The Error
PAPI error code 10.
The assigned worker has failed to complete the operation.
What it means
In general, if you ever see your workflow fail with PAPI error code 10. The assigned worker has failed to complete the operation, then one of two things happened:
- Your machine actually failed.
- The machine was preempted in such a way that it looks like machine failure.
This means that error code 10
is sort of a catch-all error message, and this error doesn't get re-tried, so more of you will tend to notice workflows failing with that error message.
Workarounds
- You can choose to turn preemptibles off, as this will take away the possibility of silent preemption failures.
- Use the attribute
maxRetries
to retry tasks that failed after your command fails with a non-zero return code, so that transient type failures get more attempts without manual intervention. - PAPI error code 10 can also occur for reasons related to insufficient memory or disk space. If the problem does not likely appear to be related to preemptibles or retries, we recommend increasing the allocated memory to see if you get farther in your task or if it resolves the issue. If increasing the memory does not resolve the issue, you can try increasing the disk size.

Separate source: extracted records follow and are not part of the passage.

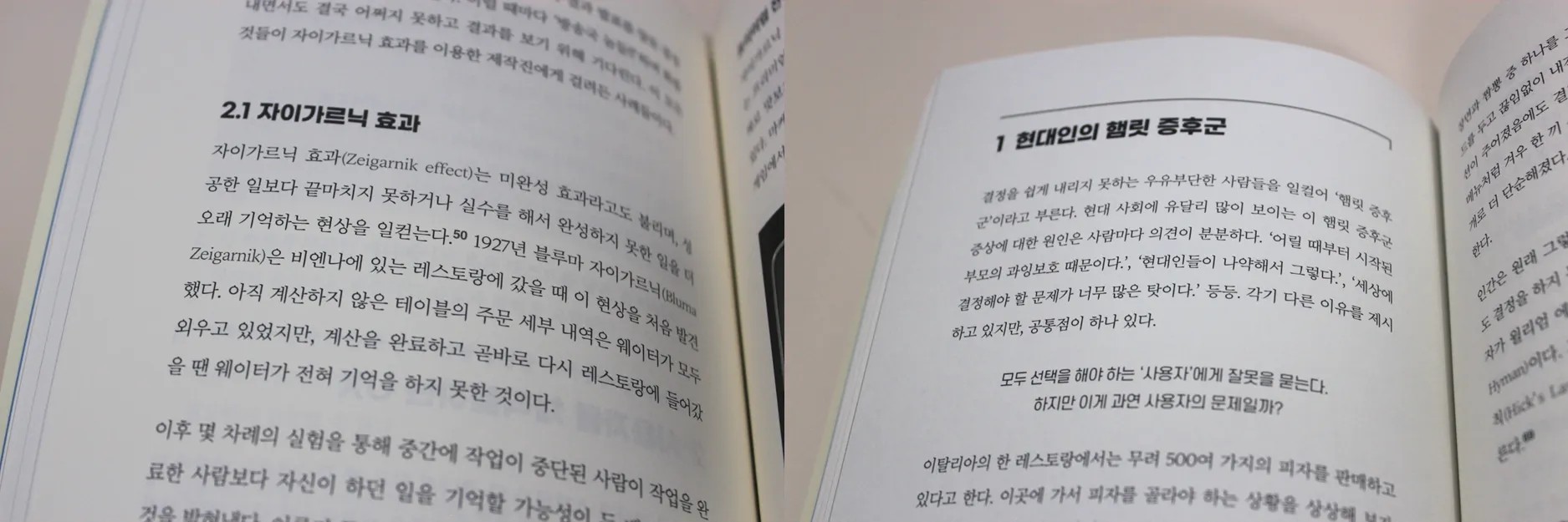 가장 좋았던 점은 단순히 '이런 UX가 있다' 하고 끝내지 않고 실제 제품의 화면을 함께 제시하며 심리학적으로 설명하는 점이었다.
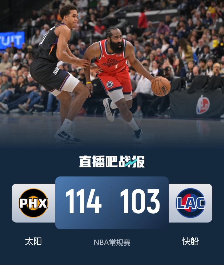 快船再负太阳四连败 小卡缺阵 布克21+10+9 哈登15中4&13+13
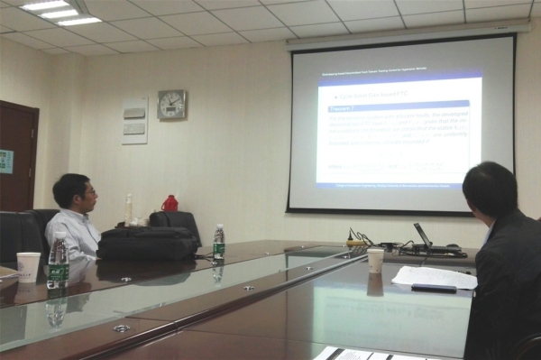2018年05月23日上午,IEEEFellow应浩教授于当日上午在将军路校区自动化学院1号楼405会议室与学院部分博士生开展了学术研讨会,并于当日下午在403会议室做题为“Type-2 Fuzzy Control vs Type-1 Fuzzy Control: An AnalyticalPerspective”的学术报告。会议由自动化学院院长姜斌教授主持,自动化学院部分师生参加了报告会。
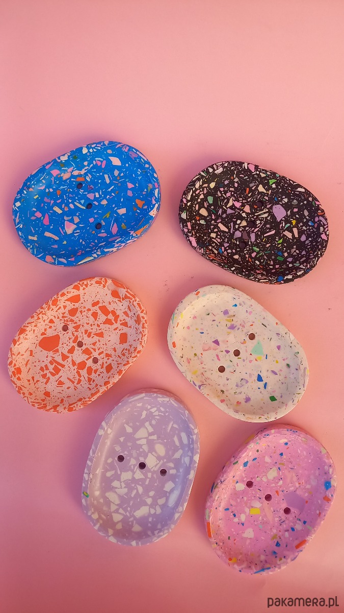 Mydelniczka terrazzo to idealne rozwiązanie do przechowywania mydła w sposób higieniczny. Otwory odprowadzające wodę sprawiają, że mydło nie rozpuszcza się, a powierzchnia pozostaje sucha i czysta. Dzięki solidnej konstrukcji, mydelniczka jest odporna na zarysowania i uszkodzenia, co zapewnia jej długotrwałe użytkowanie.

- Insufficient disk space is a common cause of the error when not allocating enough for the localization of the bams you are trying to process in the workflow.
What to look for
Sometimes your machine has truly crashed and has nothing to do with preemption, and in such cases it's worth looking into your logs to see if the job always crashes a certain number of mins into the process, or always when copying inputs/outputs or when pulling docker images. Those patterns could help indicate why your tasks are failing with error code 10
.